To do – Give again, word for word, every line below from the one that has "Dégâts sur tuberules" through the one that has "In this document, we", both included, and no others.

Task input –
• • •

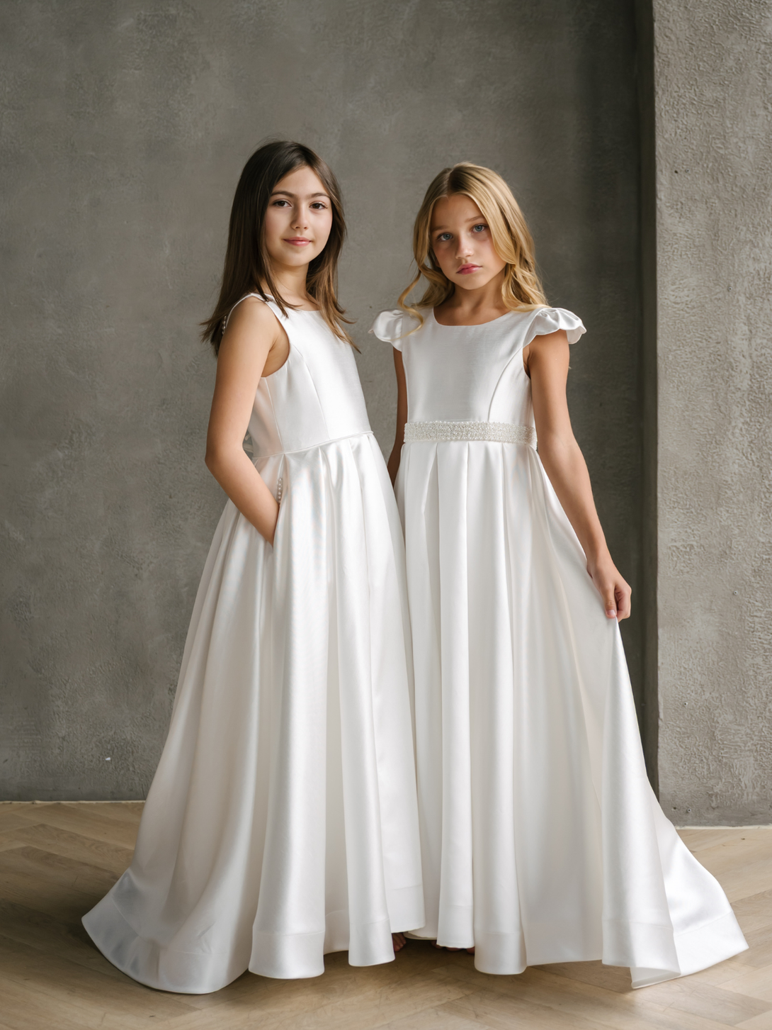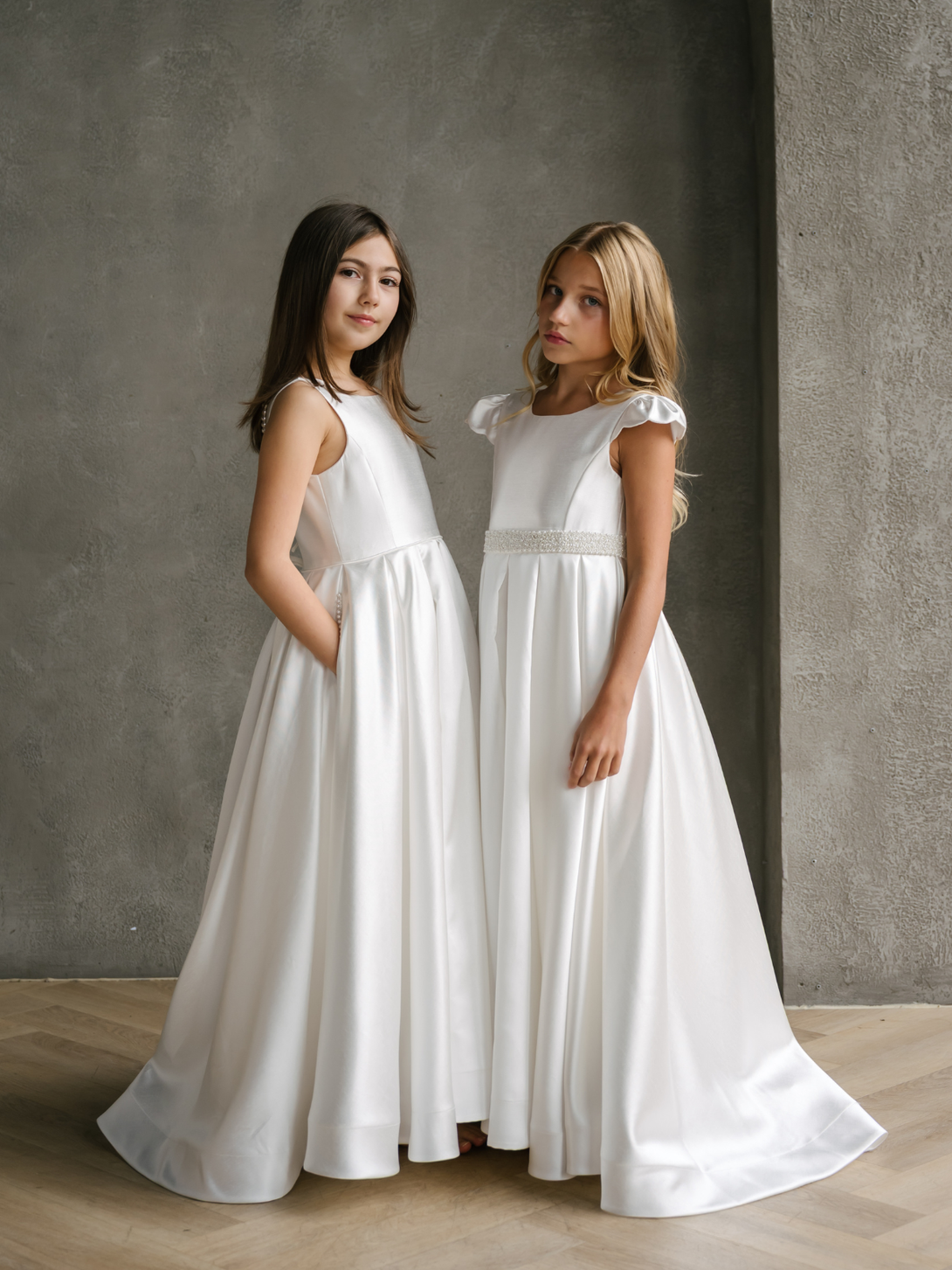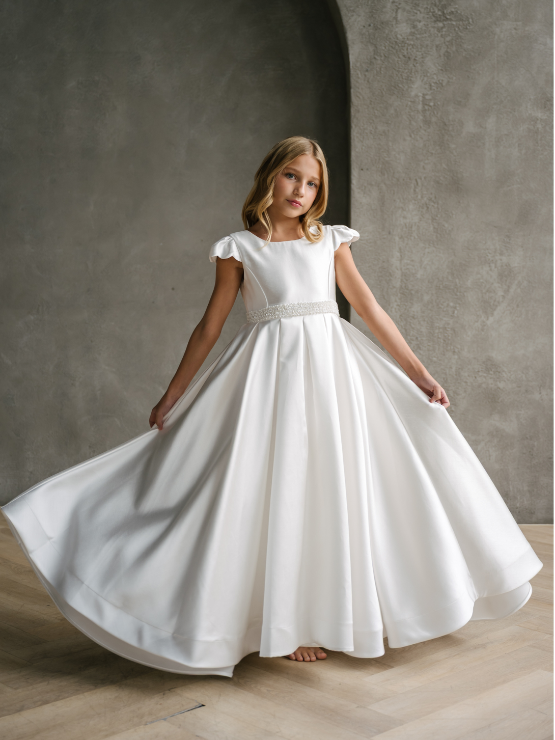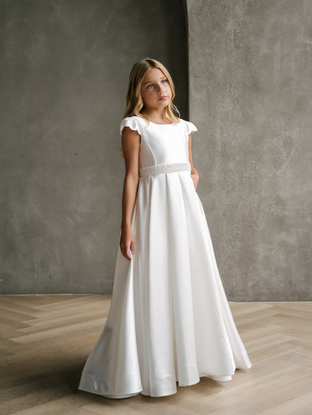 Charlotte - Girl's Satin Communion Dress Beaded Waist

• • •

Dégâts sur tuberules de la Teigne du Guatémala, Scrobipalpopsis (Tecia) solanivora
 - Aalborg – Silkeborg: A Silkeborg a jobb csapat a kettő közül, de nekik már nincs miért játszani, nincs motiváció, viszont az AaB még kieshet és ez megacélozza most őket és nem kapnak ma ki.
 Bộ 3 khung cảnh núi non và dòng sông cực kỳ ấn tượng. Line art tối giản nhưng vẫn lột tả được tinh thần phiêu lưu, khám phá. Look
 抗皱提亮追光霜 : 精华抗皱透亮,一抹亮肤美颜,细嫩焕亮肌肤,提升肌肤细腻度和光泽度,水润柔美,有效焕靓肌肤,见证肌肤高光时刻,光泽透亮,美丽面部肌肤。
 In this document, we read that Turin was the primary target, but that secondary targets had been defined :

• • •

Answer for this exercise –
Dégâts sur tuberules de la Teigne du Guatémala, Scrobipalpopsis (Tecia) solanivora
 - Aalborg – Silkeborg: A Silkeborg a jobb csapat a kettő közül, de nekik már nincs miért játszani, nincs motiváció, viszont az AaB még kieshet és ez megacélozza most őket és nem kapnak ma ki.
 Bộ 3 khung cảnh núi non và dòng sông cực kỳ ấn tượng. Line art tối giản nhưng vẫn lột tả được tinh thần phiêu lưu, khám phá. Look
 抗皱提亮追光霜 : 精华抗皱透亮,一抹亮肤美颜,细嫩焕亮肌肤,提升肌肤细腻度和光泽度,水润柔美,有效焕靓肌肤,见证肌肤高光时刻,光泽透亮,美丽面部肌肤。
 In this document, we read that Turin was the primary target, but that secondary targets had been defined :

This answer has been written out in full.